The league's response seemed to suggest that Merzel's call didn't align with this standard. Yet the statement stopped short of a full reversal, perhaps acknowledging the inherent difficulty of the judgment. Umpires work from angles and perspectives that cameras cannot replicate. Merzel was right there, closer than anyone else could be. Still, social media filled with arguments that the rulebook itself contradicted what had been called on the field.

France, asked about it after the game, was measured. The ball stopped rolling, he said. He thought it was foul. But the umpire said otherwise. Miller, when pressed, offered no complaint. The Padres had won 9-7 in the end. That was what mattered to him. The game had moved on, even if the question of what should have been called lingered in the record.

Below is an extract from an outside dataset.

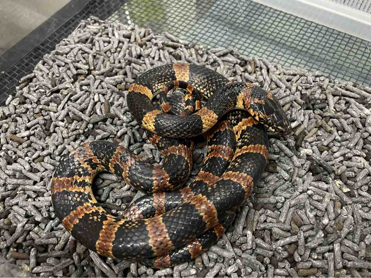 飼育は通常のネズミヘビと似たような環境をベースに、シェルターの設置・やや高めの飼育温度(25~30℃で一部ヒーター等で30℃以上のスポットを設ける)・ある程度の湿度(ウェットシェルターでも良い)を用意してやると良いです。
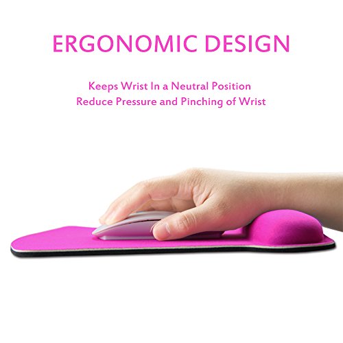 Exco-Wrist protected Personalized Computer Decoration Memory Foam Wrist Rest Mouse Pad Ergonomic Office Wrist Support Design Non-slip Rubber Base Gel Mouse Pad (Pink)

It stopped rolling, and I thought it was foul, but they said otherwise.
— Ty France, Padres third baseman
Padres win. That's what matters at the end of the day.
— Mason Miller, Padres closer
La Conversación del Hearth Otra perspectiva de la historia
Inventor

Why does MLB even bother acknowledging a call after the fact if they can't overturn it?

Model

Because silence looks like complicity. If the league says nothing, it looks like they're defending the umpire. By pointing to the rulebook, they're saying the rulebook exists and matters—even if the call on the field didn't follow it.

Inventor

But doesn't that undermine the umpire's authority in the moment?

Model

It does, which is why they're careful not to say it outright. They're threading a needle—admitting the rulebook might have been misapplied without saying the umpire was wrong.

Inventor

Did the call actually change the outcome of the game?

Model

Not really. The Padres won anyway. But that's almost beside the point. If Shaw's run had been the difference, this would be a different conversation entirely.

Inventor

So what's the real issue here?

Model

It's about whether the rules matter more than the person enforcing them. Baseball has always said the umpire's judgment is final. But now we have rulebooks and slow-motion cameras that can contradict that judgment. The league is caught between two worlds.

Inventor

Will this change anything?

Model

Probably not. The call stands. The game is over. But it adds another data point to the argument that maybe some calls shouldn't be left to human judgment anymore.